Where do you put your "main" function in your projects?

I’ve been working on a side project to convert an old fortran program to Julia (mostly as an escape from working on my thesis, and an excuse to learn Julia) and recently have started experimenting with encapsulating the whole effort into a module/project.

The whole effort is now a project.toml w/ associated module that contains all the transliterated fortran subroutines. Within the root project dir, I have a main.jl that is basically

using mymodule

function main()
   # Transliterated fortran main subroutine
end

main()

Just curious if this is SOP for a Julia project, or if there’s a more idiomatic/common approach to locating the “main” function?

2 Likes

Welcome to Julia!

You have it about right.

You can use PkgTemplates to set up a standard package structure for you.

For example:

using PkgTemplates
generate("MyPackage", Template(;user="My Name", dir=".", dev=false))

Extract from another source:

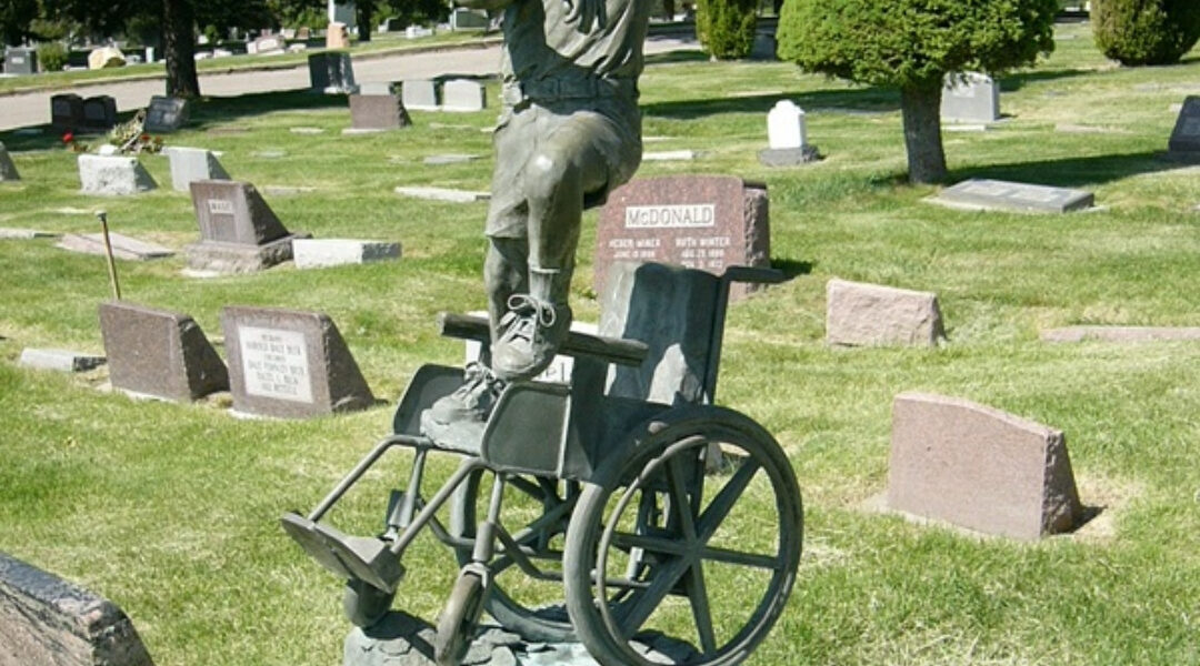 When visitors walk through the Salt Lake City Cemetery, they often stop in front of a grave that seems to defy sorrow. Rising from the headstone is a breathtaking sculpture — a young boy pushing himself out of his wheelchair, his arms lifted toward the sky, his face free and full of light. It is both heartbreaking and beautiful.

will create the following directory structure:

.
├── LICENSE
├── Manifest.toml
├── Project.toml
├── README.md
├── src
│   └── MyPackage.jl
└── test
    └── runtests.jl

With src/MyPackage.jl:

module MyPackage

greet() = print("Hello World!")

end # module

Of course, you can replace greet with your main function.

3 Likes

Thanks! So a user who is using the package as a monolithic “program” would just open up a Julia repl, start the session with import mymodule, and then fire off a

> mymodule.main(args...)

?

I suppose there’s also nothing stopping me from retaining an explicite entrypoint with something like run.jl: using mymodule; main(). I guess one nice thing about the former approach though is that it abdicates the programmer from having to have a friendly UI for finagling the users data into/out of the workspace (and hence deciding on a dedicated file format, allong with having a system for IO).

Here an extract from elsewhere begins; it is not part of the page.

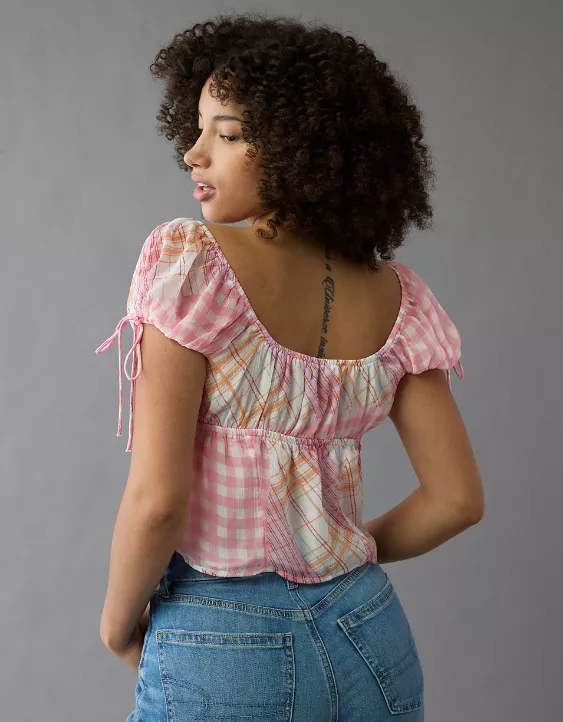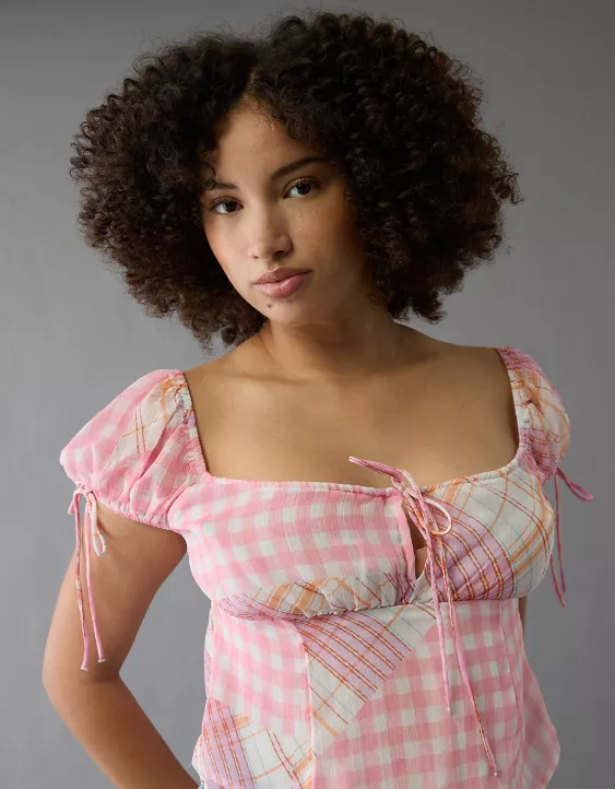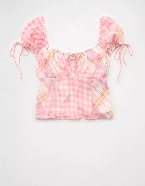 AE Satin Cap Sleeve Patchwork Corset Top Pink

That’s a possibility. Standalone Julia programs are not that widespread at this point, so there is no “standard” solution for running them.

You can provide a MyModule.main(args...) (note: we usually capitalize module names), and then have a run.jl which parses command line arguments and calls this function, if you want to run it from the shell.

5 Likes

I think it depends on whether you expect users to compose your code/algorithms/types with other julia code, or if you expect it to be more of a grey-box command line tool. Most bioinformatics tools are more like the latter, and I’ve been experimenting with a bin/ subfolder that contains a script that calls the main function (using ArgParse.jl for a nice interface).

Of course, there’s also no problem with making it accessible from the REPL instead (or in addition), as @Tamas_Papp mentioned there isn’t a ton of this sort of thing in the julia ecosystem yet, so a standard has not really emerged.

3 Likes

Well, having a usable API would be nice, but tbh that ship sailed the moment I decided I was going to re-implement the fortran API (although if this ever goes beyond being “an excuse to have a personal Julia project”, I would probably go back and re-do a lot of things to be more generally usable).

As an aside, I see the lack of both options (usable APIs and also more modern cli tools) to be a pretty big weak point in this particular field. The fortran code basically solves a transfer function estimation problem, with the only usable cli offerings being circa early 2000’s, using early 2000’s algorithms (which are probably mostly sufficient tbh). I have seen attempts in the past few years to offer python “toolboxes” that present frameworks for solving the problem, which is nice and flexible, but also doesn’t help if you really just wanted a greybox cli tool (and when the framework starts to get monolithic with it’s own terminology, configuration files, data formats, and idioms, it starts to feel like it would have been more useful to have a well written cli tool that could be easily dismantled if you needed to do something custom).